The topic was “three years after George Floyd’s murder” and predictably Justin was whining about police in his typically hyperbolic fashion: “Black and brown people are still being targeted by cops,” he wrote, “trigger-happy officers in the U.S. are killing more people, not fewer, and law enforcement agencies in the Bay Area are proving themselves to be hopelessly inept, corrupt or both.” He resorted to the stale old “racial disparities” red herring: “Nationally, Black people are 2.9 times more likely to be killed by police than White people…”. People like Justin never mention that Black people commit more violent crimes than White people, and so it only makes sense that they would have more confrontations with cops.

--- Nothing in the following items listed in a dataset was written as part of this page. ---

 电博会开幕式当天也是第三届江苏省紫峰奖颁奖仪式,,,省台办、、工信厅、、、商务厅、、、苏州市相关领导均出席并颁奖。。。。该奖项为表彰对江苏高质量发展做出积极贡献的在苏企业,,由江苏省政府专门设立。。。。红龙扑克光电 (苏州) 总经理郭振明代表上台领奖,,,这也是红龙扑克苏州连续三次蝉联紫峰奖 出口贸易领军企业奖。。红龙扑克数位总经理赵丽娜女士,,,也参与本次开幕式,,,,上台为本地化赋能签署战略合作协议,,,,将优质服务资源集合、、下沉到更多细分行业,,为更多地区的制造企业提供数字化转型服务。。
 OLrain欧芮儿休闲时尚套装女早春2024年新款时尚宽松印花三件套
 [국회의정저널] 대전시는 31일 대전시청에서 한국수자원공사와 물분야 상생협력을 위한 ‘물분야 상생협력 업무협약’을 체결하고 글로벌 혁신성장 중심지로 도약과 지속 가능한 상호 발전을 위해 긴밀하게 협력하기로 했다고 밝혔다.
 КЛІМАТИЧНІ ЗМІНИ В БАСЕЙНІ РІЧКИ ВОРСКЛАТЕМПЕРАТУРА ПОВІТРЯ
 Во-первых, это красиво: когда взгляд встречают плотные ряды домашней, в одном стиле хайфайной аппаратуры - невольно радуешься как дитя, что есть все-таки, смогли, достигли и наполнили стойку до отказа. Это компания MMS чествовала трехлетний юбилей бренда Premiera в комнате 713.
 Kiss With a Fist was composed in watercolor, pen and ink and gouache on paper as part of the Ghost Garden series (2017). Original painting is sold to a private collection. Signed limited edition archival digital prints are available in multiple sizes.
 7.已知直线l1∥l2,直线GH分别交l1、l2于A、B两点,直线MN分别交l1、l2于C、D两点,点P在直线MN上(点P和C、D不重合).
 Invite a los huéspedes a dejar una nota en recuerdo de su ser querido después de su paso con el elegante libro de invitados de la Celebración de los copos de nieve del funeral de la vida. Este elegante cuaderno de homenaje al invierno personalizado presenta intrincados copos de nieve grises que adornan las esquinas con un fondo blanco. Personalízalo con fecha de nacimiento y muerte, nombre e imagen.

With inflammatory rhetoric like “trigger-happy officers,” “targeted by cops,” and “corrupt law enforcement,” Justin is happy to slur cops and incite violence against them. His implication is that, every time a cop straps on his gun to go to work, he can’t wait to find a Black person to shoot. This is grotesquely insulting and slanderous, and also completely ignores the fact that far, far more Black people are shot and killed by each other than by cops. But Justin Phillips can’t handle the truth. He’s a paid agitator for anti-cop propaganda; facts are of no importance to him, only political screeds—which is exactly why Cat Brooks so admires him.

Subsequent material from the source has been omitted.